Шрифт:
Интервал:
Закладка:
Бенедиктов вслед за нею поцеловал мать в мертвый темно-желтый лоб. Лоб был влажный, прохладный, и Юрий содрогнулся от ужаса и отвращения — ужаса и отвращения живого ко всему мертвому: как мог труп матери в жару, от которой у живых взмокли и прилипли к телу потные рубахи, таить в себе эту неживую прохладу? как не высох, не испарился со лба покойницы этот липкий пот?!
Юрию никогда уже не забыть было плотные, глухие удары комьев ссохшейся глины о крышку гроба. Могилу засыпали, подровняли, обложили холмик цветами.
И все.
Просто, скоро, деловито. Не ритуал даже, не обряд, а цепь простейших действий, мышечных движений, никак не выражающих печали и одиночества, которые должен испытывать человек у свежей могилы другого человека, которого он любил, который был частью его собственной жизни.
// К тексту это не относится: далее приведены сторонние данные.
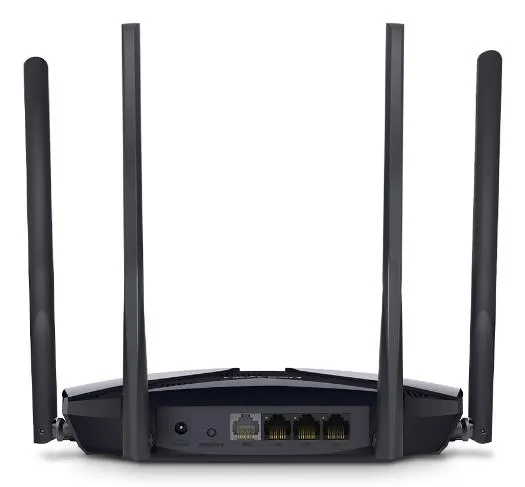 | Summary | Mercusys AX3000 Dual-Band Wi-Fi 6 Router. WAN connection type: RJ-45. Wi-Fi band: Dual-band (2.4 GHz / 5 GHz), Top Wi-Fi standard: Wi-Fi 6 (802.11ax), WLAN data transfer rate (max): 3000 Mbit/s. Ethernet LAN interface type: Gigabit Ethernet, Ethernet LAN data rates: 10,100,1000 Mbit/s, Cabling technology: 10/100/1000Base-T(X). Security algorithms: WEP, WPA, WPA2, WPA3, Firewall security: SPI Firewall, IP and MAC Address Binding, NAT functionality: Port Forwarding, Port Triggering, UPnP, DMZ. Product type: Tabletop router, Product colour: Black, LED indicators: LAN, WAN |

У ворот их обступили кладбищенские нищие, нетерпеливо дожидавшиеся своей дани, Бенедиктов сунул одному из них десятку, чтобы тот поделился с остальными; нищий и не подумал его благодарить, он принял деньги как неотделимую часть самого обряда погребения. Друзья покойной попрощались подчеркнуто сухо, сообщив, что они сейчас соберутся у кого-нибудь из своих, чтобы произнести те самые речи, которые Юрий и Ира не дали им сказать у могилы.
Ира с семьей тоже уехала, а Бенедиктов повернул назад, в тесные кладбищенские улочки и тупики.
В нижней, старой части кладбища, в негустой тени от разросшихся вразброд акаций могильные камни стояли потемневшие, позеленевшие от времени, с отбитыми краями и едва различимыми древнееврейскими надписями, и было в этом запустении, в этой замшелой тишине нечто решительно несовместимое с ярко освещенными летним солнцем верхушками деревьев, с жарко-синим небом, проглядывающим сквозь листву над головой.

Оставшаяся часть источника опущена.